Input material.
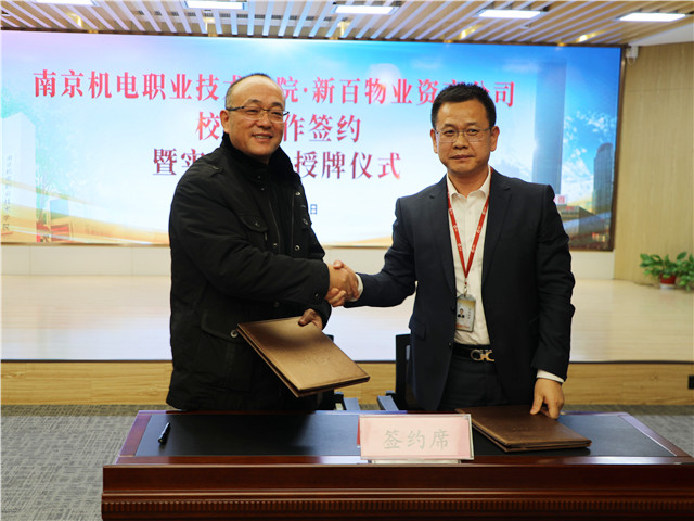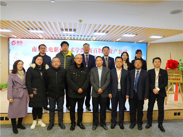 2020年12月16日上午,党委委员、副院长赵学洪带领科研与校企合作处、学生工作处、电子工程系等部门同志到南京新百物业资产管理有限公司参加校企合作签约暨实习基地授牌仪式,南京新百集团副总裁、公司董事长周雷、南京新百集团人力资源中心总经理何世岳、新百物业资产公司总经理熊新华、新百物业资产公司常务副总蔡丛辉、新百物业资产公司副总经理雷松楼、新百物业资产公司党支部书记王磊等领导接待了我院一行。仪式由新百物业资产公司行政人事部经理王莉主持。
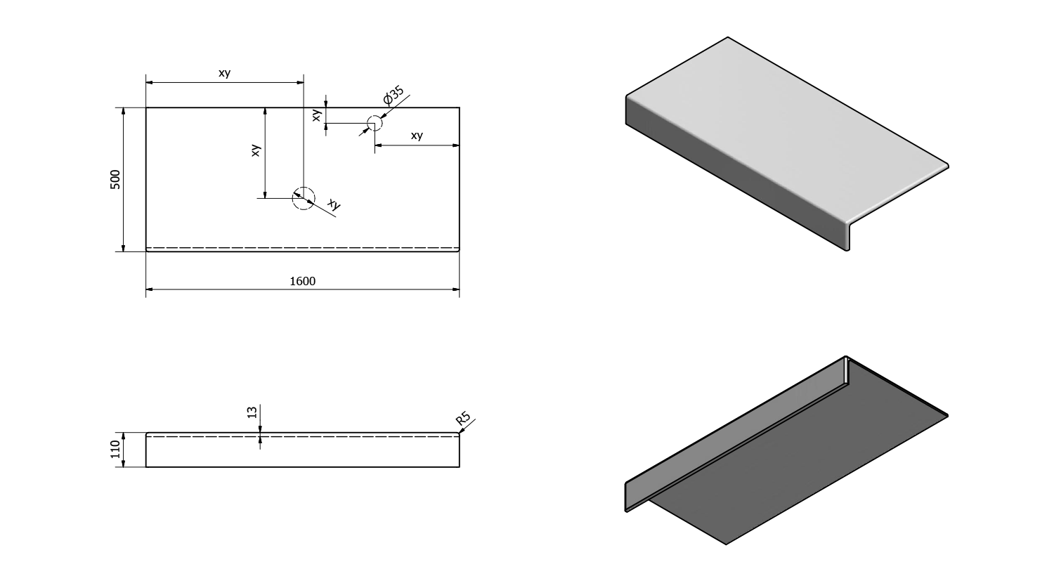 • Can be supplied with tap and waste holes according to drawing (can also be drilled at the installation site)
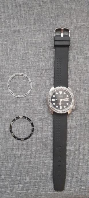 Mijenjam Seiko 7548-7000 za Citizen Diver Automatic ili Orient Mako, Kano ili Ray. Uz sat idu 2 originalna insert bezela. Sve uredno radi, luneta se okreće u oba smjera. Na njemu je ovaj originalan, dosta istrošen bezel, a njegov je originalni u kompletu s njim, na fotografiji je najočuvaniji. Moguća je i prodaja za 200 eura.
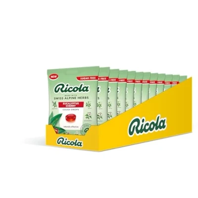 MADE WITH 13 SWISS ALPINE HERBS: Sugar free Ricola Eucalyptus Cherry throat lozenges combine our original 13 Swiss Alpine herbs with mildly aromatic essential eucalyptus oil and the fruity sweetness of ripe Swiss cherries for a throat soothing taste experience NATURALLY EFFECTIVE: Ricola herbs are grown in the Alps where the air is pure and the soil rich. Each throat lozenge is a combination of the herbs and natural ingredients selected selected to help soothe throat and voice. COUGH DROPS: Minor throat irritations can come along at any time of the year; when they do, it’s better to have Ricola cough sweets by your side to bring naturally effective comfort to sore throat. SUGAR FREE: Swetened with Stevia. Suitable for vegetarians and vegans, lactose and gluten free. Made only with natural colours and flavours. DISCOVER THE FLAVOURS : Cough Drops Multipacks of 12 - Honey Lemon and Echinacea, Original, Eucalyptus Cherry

---

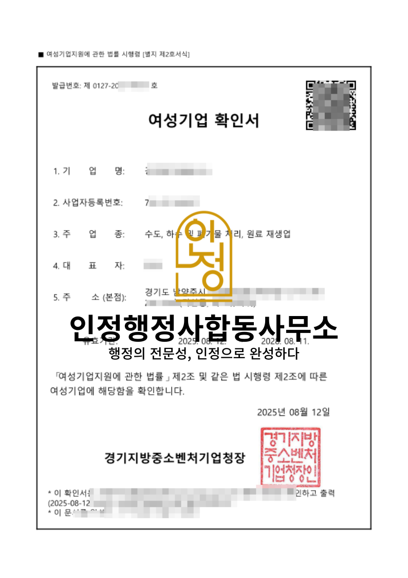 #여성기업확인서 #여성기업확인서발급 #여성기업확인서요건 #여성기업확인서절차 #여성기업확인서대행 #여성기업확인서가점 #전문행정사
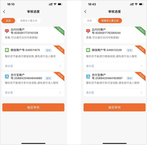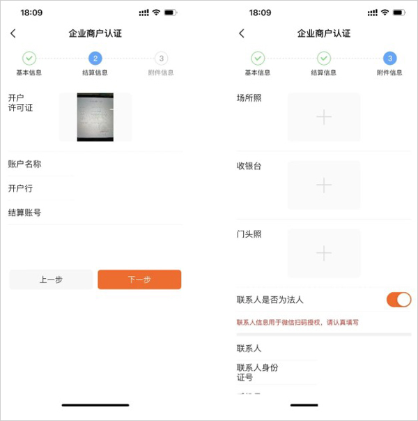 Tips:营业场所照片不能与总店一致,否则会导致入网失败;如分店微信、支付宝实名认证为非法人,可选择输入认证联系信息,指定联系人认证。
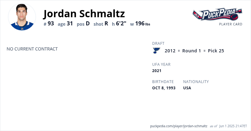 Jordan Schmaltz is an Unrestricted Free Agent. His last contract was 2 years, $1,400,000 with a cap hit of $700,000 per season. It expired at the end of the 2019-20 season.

Problem to solve. Excluding any pictures, print exactly the lines of the listing above from the line with "2020年12月16日上午,党委委员、副" to the line with "Mijenjam Seiko 7548-7000", both ends included.

Answer box.
 2020年12月16日上午,党委委员、副院长赵学洪带领科研与校企合作处、学生工作处、电子工程系等部门同志到南京新百物业资产管理有限公司参加校企合作签约暨实习基地授牌仪式,南京新百集团副总裁、公司董事长周雷、南京新百集团人力资源中心总经理何世岳、新百物业资产公司总经理熊新华、新百物业资产公司常务副总蔡丛辉、新百物业资产公司副总经理雷松楼、新百物业资产公司党支部书记王磊等领导接待了我院一行。仪式由新百物业资产公司行政人事部经理王莉主持。
 • Can be supplied with tap and waste holes according to drawing (can also be drilled at the installation site)
 Mijenjam Seiko 7548-7000 za Citizen Diver Automatic ili Orient Mako, Kano ili Ray. Uz sat idu 2 originalna insert bezela. Sve uredno radi, luneta se okreće u oba smjera. Na njemu je ovaj originalan, dosta istrošen bezel, a njegov je originalni u kompletu s njim, na fotografiji je najočuvaniji. Moguća je i prodaja za 200 eura.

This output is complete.